● Task statement
Reproduce exactly, with no pictures, each line from the opening of the material down through the line containing "ProCase Jewelry Case".

● Dataset content
┄┄┄┄┄┄
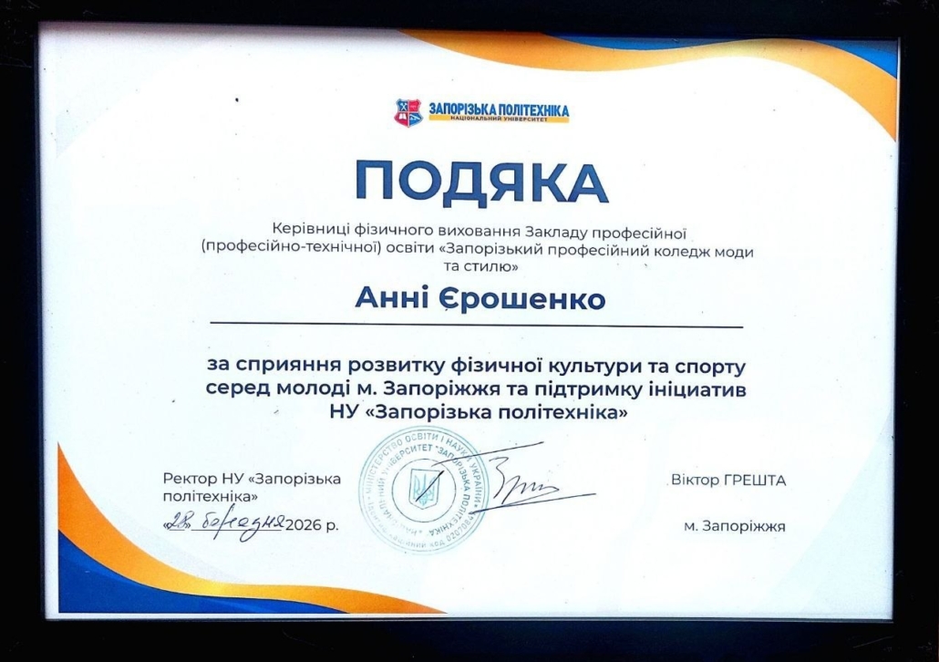 - колективу закладу за активну участь у комплексному спортивному заході «Абітурієнт НУ “Запорізька політехніка” 2026»;
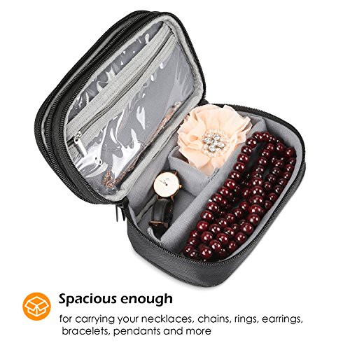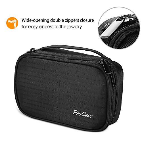ProCase Jewelry Case Travel Organizer Bag, Soft Padded Double Layer Jewelry Carrying Pouch Portable Jewelry Storage Holder for Earrings, Rings, Necklaces, Bracelet, Watch and Chains –Black
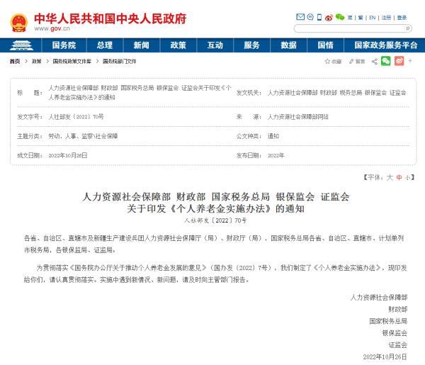 怎样享受税收优惠? A:个人养老金的一大亮点是可享受税收优惠支持。《实施办法》明确,参加人可以通过国家社会保险公共服务平台等全国统一线上服务入口或者商业银行渠道,获取享受税收优惠政策的缴费凭证。 作为养老保险“第三支柱”,今年以来个人养老金加速推进制度安排。此次公布《实施办法》,目的在于加强个人养老金业务管理,规范个人养老金运作流程,以便稳妥有序推动个人养老金发展,提高参加人养老保障水平。因此,除了个人养老金产品应当具备运作安全、成熟稳定、标的规范、侧重长期保值等基本特征外,个人养老金机构与产品管理还应以“销售适当性”为原则,做好风险提示,不得主动向参加人推介超出其风险承受能力的个人养老金产品。
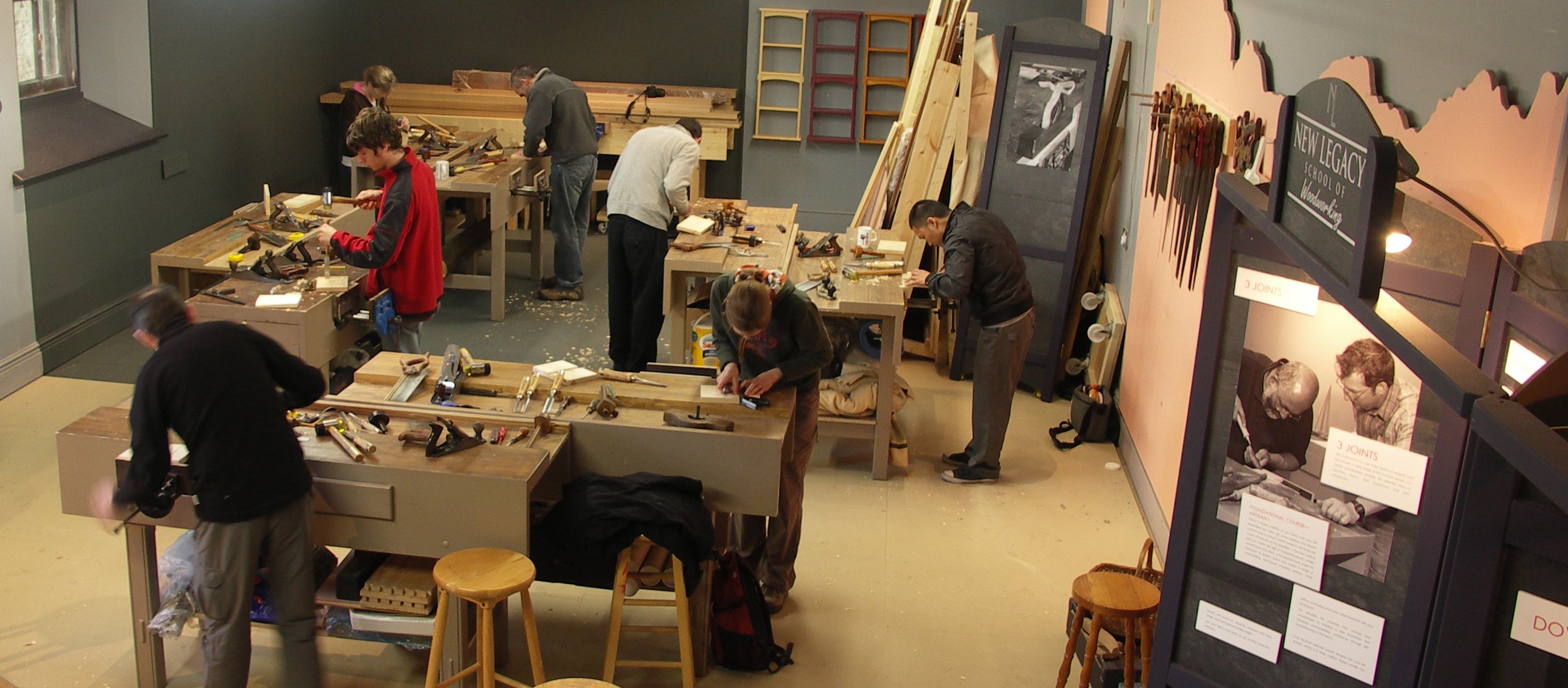 We discovered the first one of the essential three joints they will be making today and that means they can start thinking bookshelves and other case goods. Making their first housing dado with surgically sharp edge tools and saws is a first, but making truly accurate joints that fit using no machines is truly freeing! This is the bookshelf joint, which has many other applications too—from toddle trucks to tool totes and cantilevered drawer backs to display shelves.
┄┄┄┄┄┄
● Problem solution
 - колективу закладу за активну участь у комплексному спортивному заході «Абітурієнт НУ “Запорізька політехніка” 2026»;
ProCase Jewelry Case Travel Organizer Bag, Soft Padded Double Layer Jewelry Carrying Pouch Portable Jewelry Storage Holder for Earrings, Rings, Necklaces, Bracelet, Watch and Chains –Black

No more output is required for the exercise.